Markets in Shanghai and Shenzhen have languished, partly because of heavy selling of property shares following a crackdown on excessive borrowing by developers as defaults among dozens of developers undermined confidence in the government’s efforts to revive the economy following the pandemic

Bangkok: Chinese shares rose Thursday as investors appeared to welcome Beijing’s choice of an industry veteran to head its securities watchdog, in its latest effort to boost confidence in ailing markets. Wu Qing, a former chair of the Shanghai Stock Exchange with a reputation for being tough on market misbehavior, was named chairman and Communist Party chief of the China Securities Regulatory Commission late Wednesday. He replaced Yi Huiman, who presided over months of turmoil as share markets slumped, losing trillions of dollars of value. The official Xinhua News Agency gave no reason for Yi's departure. Earlier this week, the CSRC said that it was cracking down on insider trading, market manipulation and other crimes and would protect small investors.

A state investment fund pledged to step up buying of exchange-traded funds and regulators also imposed limits on short-selling. Chinese stocks still had been trading near five-year lows despite those measures, making buying shares feel “like catching a falling knife,” Ipek Ozkardeskaya of Swissquote said in a commentary.
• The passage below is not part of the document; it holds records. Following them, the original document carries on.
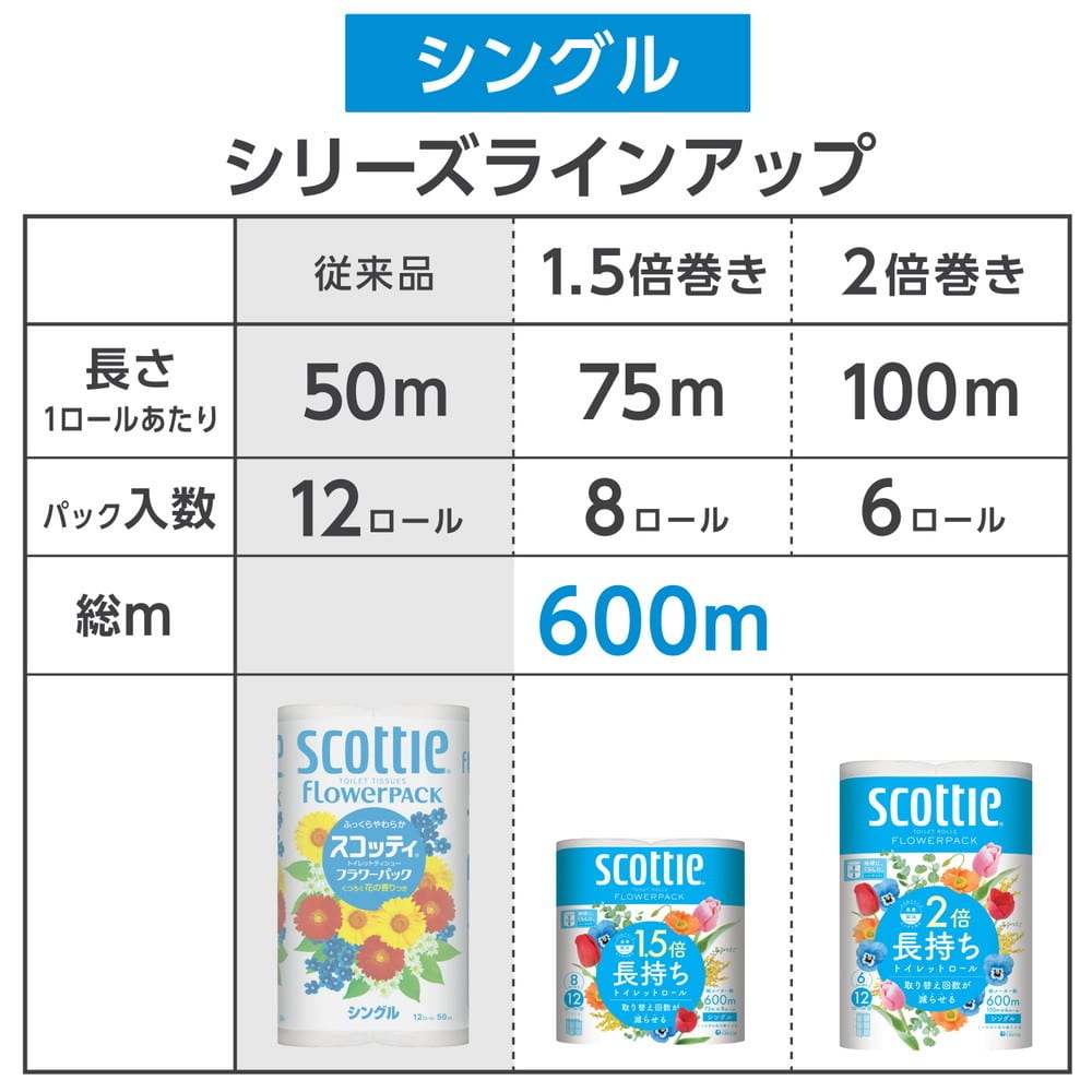 8ロールで12ロール分の長さ※のトイレットロール(シングル) ※従来品スコッティフラワーパック12ロール(シングル)との比較 ・たっぷり使えて取り替えの手間を軽減。 ・省スペース化で保管もスッキリ。 ・家庭用トイレホルダー適応サイズ。 ・くつろぎの花の香りつき。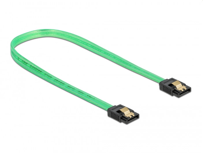 Ez a Delock SATA-kábel különféle SATA-eszközök, például merevlemezek, vezérlőkártyák vagy Flash-memóriák belső csatlakoztatását teszi lehetővé. A csatlakozókon lévő fémkapcsoknak köszönhetően a kábel megbízhatóan rögzíthető.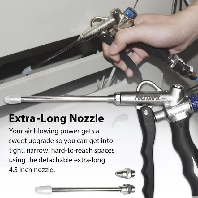 **Convenient to blow dust, stubborn debris, water, and more off of all kinds of materials, machinery, and engine compartments, etc. with FIRSTINFO powerful air blow gun with 150 maximum PSI.
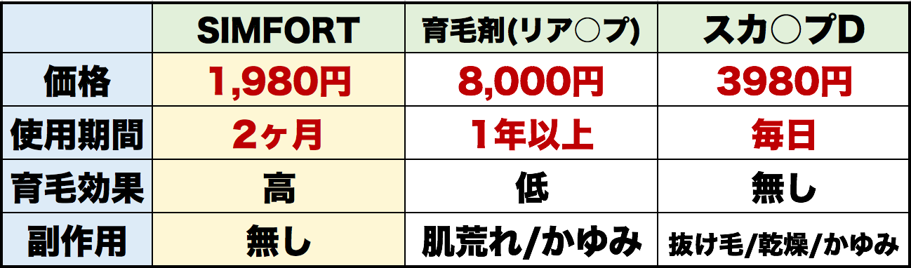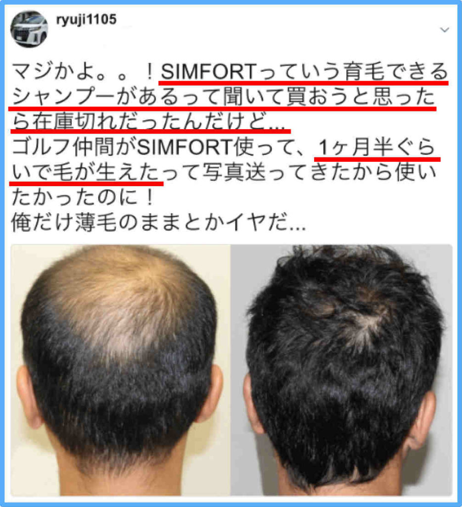 学生の時から「ハゲ眼鏡」とバカにされ続けてきました…育毛剤を使っても効果が無くて、遺伝だからと諦めてたけど、SIMFORTをオススメされたので2ヶ月使ってみました。自分でも信じられなかったけど、周りから毛が増えてる!と言われて実感しました!嬉しすぎて薄毛に悩んでる人にオススメしてます!

Investors registered their enthusiasm in online comments, with some saying they expected Wu, whose full name is a homophone for characters meaning “ruthless” in Chinese, to live up to his nickname of “Broker Butcher.” Markets in Shanghai and Shenzhen have languished, partly because of heavy selling of property shares following a crackdown on excessive borrowing by developers as defaults among dozens of developers undermined confidence in the government's efforts to revive the economy following the pandemic.
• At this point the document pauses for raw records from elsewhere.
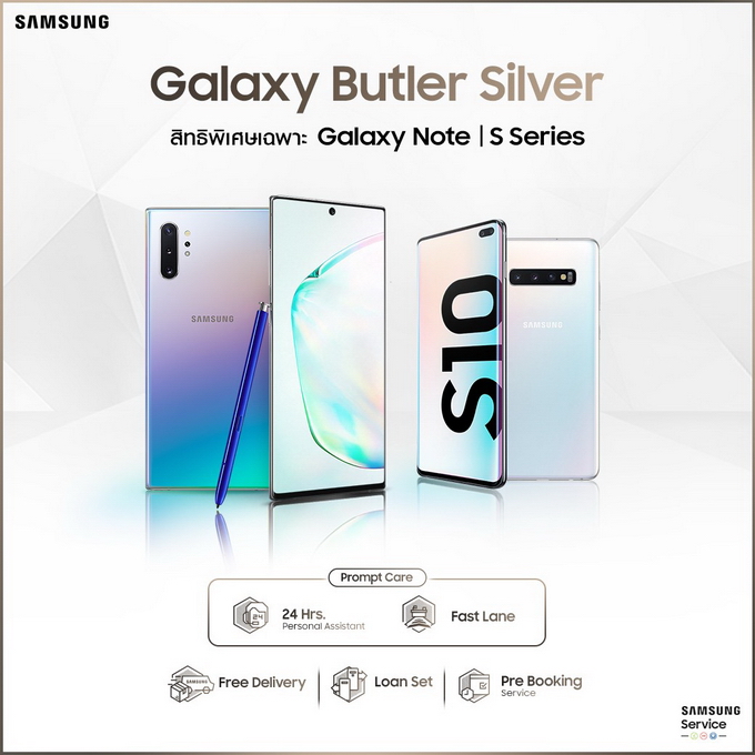 - บริการช่วยเหลือพิเศษระดับพรีเมี่ยม กาแลคซี่ บัทเลอร์ (Galaxy Butler) ซึ่งในปัจจุบันได้ขยายครอบคลุมสำหรับสมาร์ทโฟนตระกูลกาแลคซี่ทุกรุ่นจากเดิมที่ให้สิทธิแค่เฉพาะรุ่นแฟลกชิป โดยแบ่งเป็นบัทเลอร์ บลู (Butler Blue) สำหรับกาแลคซี่ เอ ซีรี่ส์, บัทเลอร์ ซิลเวอร์ (Butler Silver) สำหรับ กาแลคซี่ โน้ต และกาแลคซี่ เอส และบัทเลอร์ โกลด์ (Butler Gold) สำหรับกาแลคซี่ โฟลด์ ที่ได้รวบรวมความพิเศษที่มากกว่า อาทิ บริการเครื่องสำรองใช้ระหว่างซ่อม บริการรับ-ส่งเครื่องซ่อม และบริการห้องรับรองพิเศษเป็นต้น โดยสิทธิ์ที่ได้จะแตกต่างกันไปตามแต่ละรุ่น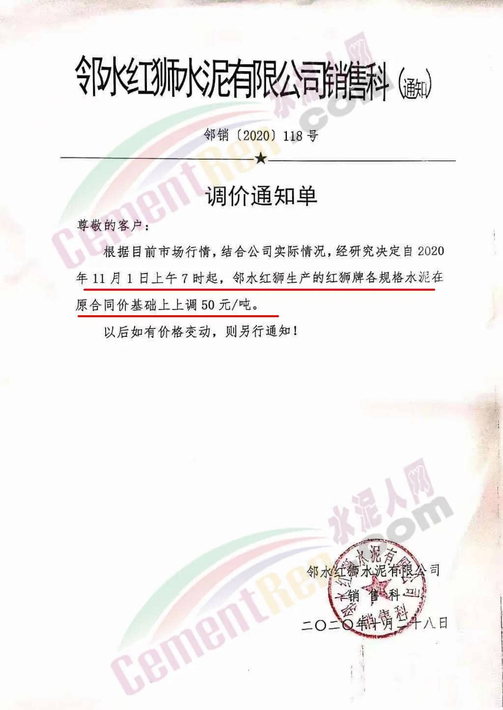 邻水红狮水泥销售科通知自11月1日早7时起,邻水红狮生产的红狮牌各规格水泥在原合同价基础上上调50元/吨。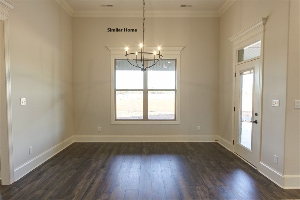All brick Taft A is an open plan with a 3 car side entry garage backed by a 2-10 home warranty. Home has 4 bedrooms, 3 baths and a sunroom. Home has wood plus flooring (Mohawk Revwood, Engineered Hardwood or similar product) in all living areas and bedrooms. Great Room features 12' ceiling, 8' tall doorways, extensive trim, gas-log fireplace with upgraded fireplace treatment, floor outlet, recessed lights and ceiling fan. Dining room has 12’ coffered ceiling, extensive trim including shadow box under chair rail. Open Kitchen has 12’ ceilings in kitchen, 8' tall doorways, 9' soft close custom cabinetry and granite countertops, large island with extra storage and countertop seating, stainless appliances (Gas Cooktop, Cabinet Vent Hood, Wall Oven, Wall Microwave, Dishwasher), tile backsplash,...
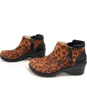 EUC Alegria "SLOAN" Leopard Print Ankle Boot "Booties" Sz 6.5 Brown & Black

Authorities recently have sought to relieve some of the pressure on the real estate market by freeing up financing that might enable developers to finish projects imperiled by their financial woes. China's CCTV state television network reported that banks were extending nearly $2.5 billion in loans to 83 real estate projects chosen for support as part of measures to rescue the industry. The shakeup at the CSRC came during a week that has seen wild swings in share prices and despair among investors who have seen their investments evaporate. China's leaders may be hoping to turn a new page: markets are due to be closed for a week beginning Friday for the Lunar New Year holiday, allowing the dust to settle. Recently, thousands of investors vented their frustrations on the US Embassy's blog, lamenting about the stock market's woes in a seemingly unrelated post about protection of giraffes — a tactic reflecting the narrow scope for expression in China's Communist Party-controlled media environment.

The effort to calm the markets has gained urgency as top officials prepare to gather in Beijing in early March for the annual meeting of the national congress, a time when the Communist Party showcases its accomplishments and sets new financial targets. The ruling party has been exhorting state media and others with influence to promote confidence in the markets and the economy, which is forecast to slow further this year from the 5.2 per cent official growth rate reported for 2023, one of the lowest in decades apart from the years of the pandemic.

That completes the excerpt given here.